---------- Given material

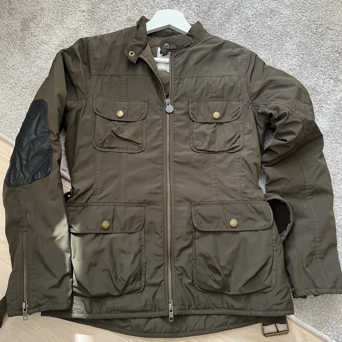 Snygg olivgrön parkajacka från Boomerang med fyra framfickor, dragkedja och knappar. Jackan har svart patch på ena ärmen och ett justerbart bälte i midjan. Perfekt för dig som gillar funktionell stil med coola detaljer.
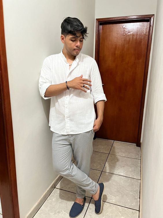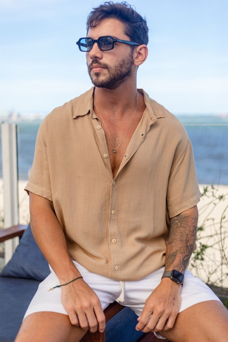 Começamos nossa lista de inspiração com o clássico camisa e shorts. A combinação está entre as mais clássicas do look masculino no ano novo. Aqui normalmente ela traz um visual todo branco ou para diferenciar uma camisa de cor areia perfeita para a ocasião.
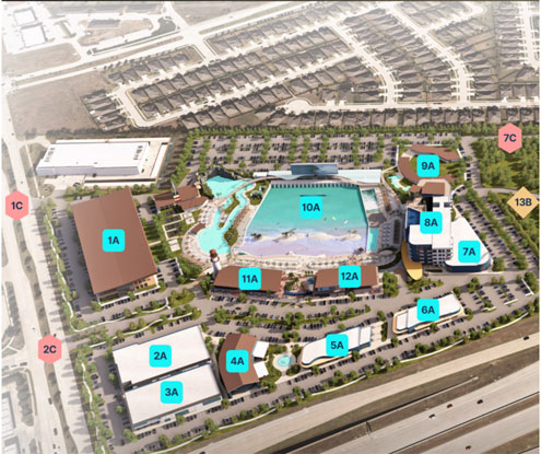 At the center of the development will be a resort-style hotel featuring best-in-class accommodations, event and wedding venues, and a sandy beach. Guests will enjoy cabanas and lounge areas with food service, directly connecting them to the surf lagoon and water attractions such as cliff diving and a stationary surf wave. Plans also include a skateboard park, movie theater, bowling alley, health club and indoor recreation facilities.

--------------------

• Aim of the task
One exact copy of the data, no pictures: write it out line for line.

• Task response
 Snygg olivgrön parkajacka från Boomerang med fyra framfickor, dragkedja och knappar. Jackan har svart patch på ena ärmen och ett justerbart bälte i midjan. Perfekt för dig som gillar funktionell stil med coola detaljer.
 Começamos nossa lista de inspiração com o clássico camisa e shorts. A combinação está entre as mais clássicas do look masculino no ano novo. Aqui normalmente ela traz um visual todo branco ou para diferenciar uma camisa de cor areia perfeita para a ocasião.
 At the center of the development will be a resort-style hotel featuring best-in-class accommodations, event and wedding venues, and a sandy beach. Guests will enjoy cabanas and lounge areas with food service, directly connecting them to the surf lagoon and water attractions such as cliff diving and a stationary surf wave. Plans also include a skateboard park, movie theater, bowling alley, health club and indoor recreation facilities.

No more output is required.